Quizás no sea de extrañar que muchos de nosotros ya estemos colgando las luces de colores, abasteciendo el congelador, pidiendo pavo con jamón y tarareando In The Bleak Midwinter.
Especialmente cuando estamos en el momento del año –la cuarta semana de noviembre– en el que ya sentimos los tentáculos del invierno. El día nunca es realmente brillante. La temperatura cae en picado al atardecer. Y se espera que la próxima semana, para la mayoría, traiga un serio enfriamiento.
La Navidad nos devuelve tranquilizadoramente a la infancia. A sus certezas y seguridad; aquellos años en los que los grandes nos cuidaban y no teníamos ningún peso de responsabilidad.
Incluso los viejos éxitos navideños (de David Essex, Wham! o Mariah Carey) pueden transportarte en un instante a alguna discoteca de quinto año.

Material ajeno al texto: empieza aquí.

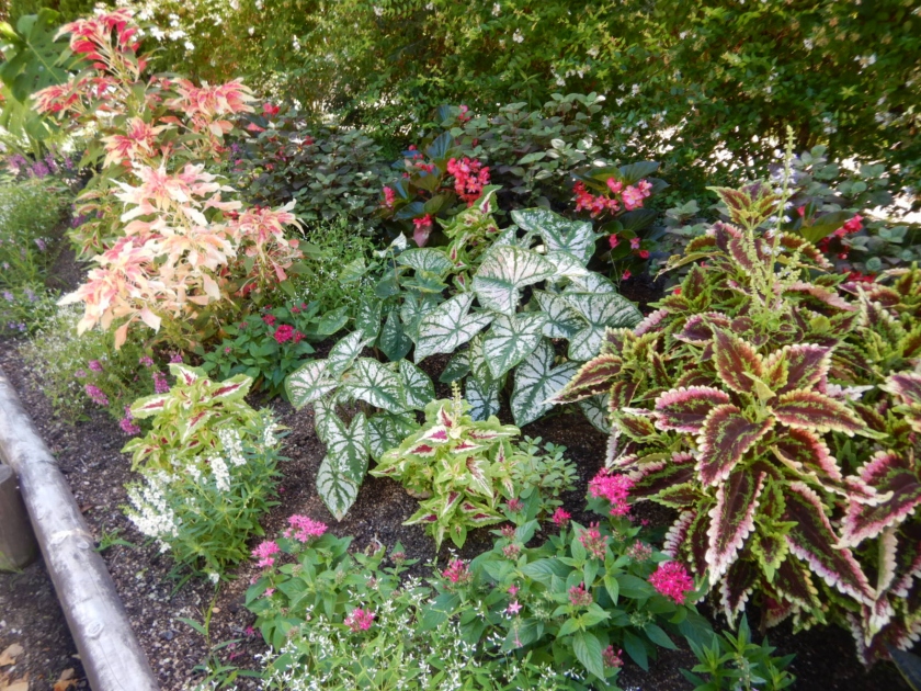 夏はカラフルな葉っぱを楽しむ植物が出回ります。半円形花壇にいろいろ植えましたので、お近くで見比べてみてください。

Y están los ritos habituales, desde envolver apresuradamente los regalos hasta pelar las clementinas, lanzar el pavo en su viaje matutino (2 horas y media a 160 °C) y pasear brevemente con los perros mientras los niños exultantes corren en bicicletas nuevas y relucientes. .

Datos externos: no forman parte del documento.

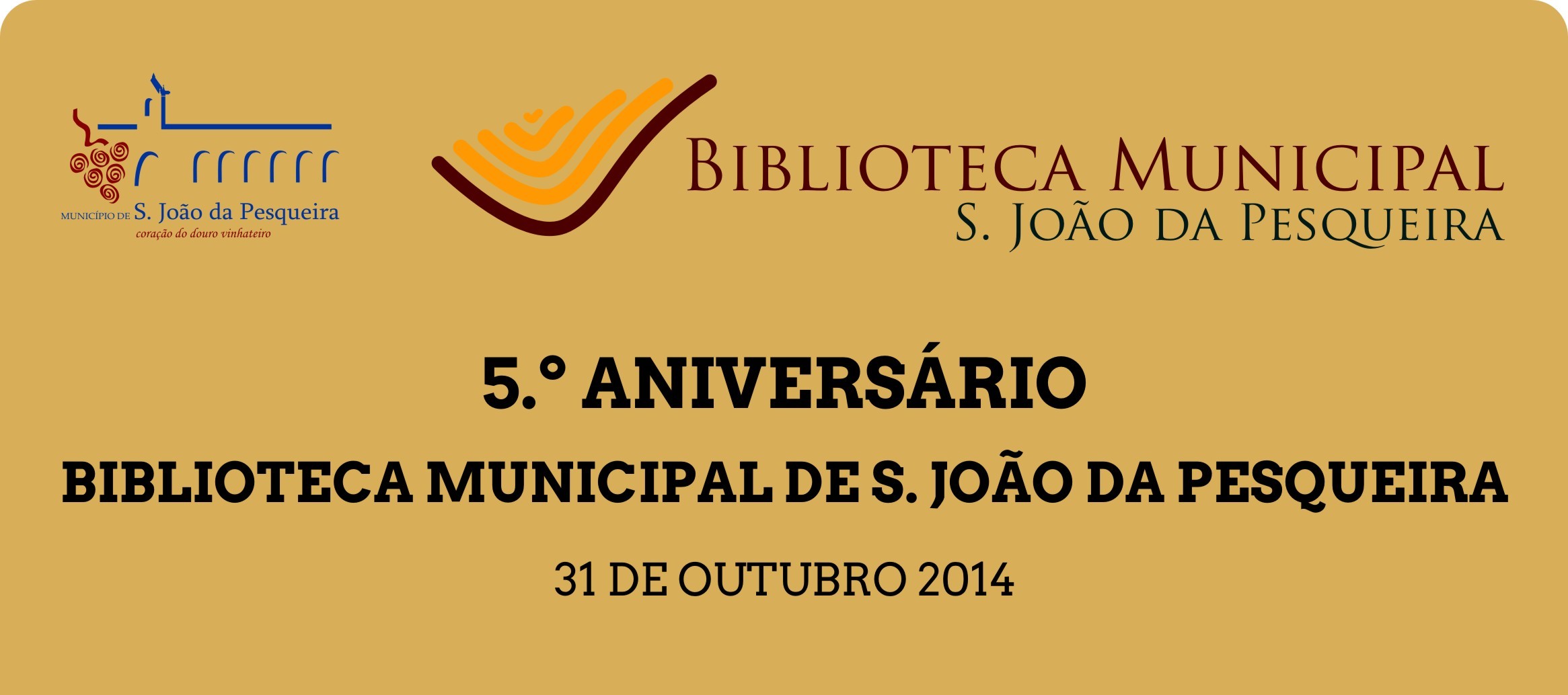 Inicial 5º Aniversário da Biblioteca Municipal de S. João da Pesqueira 5º Aniversário da Biblioteca Municipal de S. João da Pesqueira 15 Set Venha participar no 5.º Aniversário da Biblioteca Municipal de S. João da Pesqueira, no dia 31 de Outubro (sexta-feira), a partir das 18:00. Consulte o programa em baixo: Voltar

También hay nostalgia. La mayoría de las grandes canciones navideñas son tristes. Este año habrá un lugar vacío en nuestra mesa; y quizás en el tuyo también. En la tabla de estrés vital elaborada por los expertos (desde la viudez hasta el despido), toda la palabrería navideña se sitúa en doce puntos.
Eso es peor que violaciones menores de la ley. Por no hablar de un enorme pastel que más que un tope de puerta es un alimento.
Mamá y papá se tensan en sus asientos mientras la pequeña Annie actúa en la obra de teatro del nacimiento de la escuela, o esas horribles cartas de todos contra todos alardeando sobre el ascenso de Alasdair, el pequeño y querido lugar en el Languedoc y la destreza de la joven Fiona con el fliscorno.
Lo extraño de la Navidad en Escocia es que en realidad somos bastante nuevos en ella. Cuando investigué un par de historias escolares, hace algunos años, me sorprendió no encontrar ni la más mínima referencia a la fiesta en sus registros o revistas anuales hasta la década de 1930.
Escocia simplemente no celebró la Navidad. El primer servicio nocturno de Kirk no se celebró hasta después de la Segunda Guerra Mundial y la Navidad ni siquiera fue un día festivo aquí hasta 1972.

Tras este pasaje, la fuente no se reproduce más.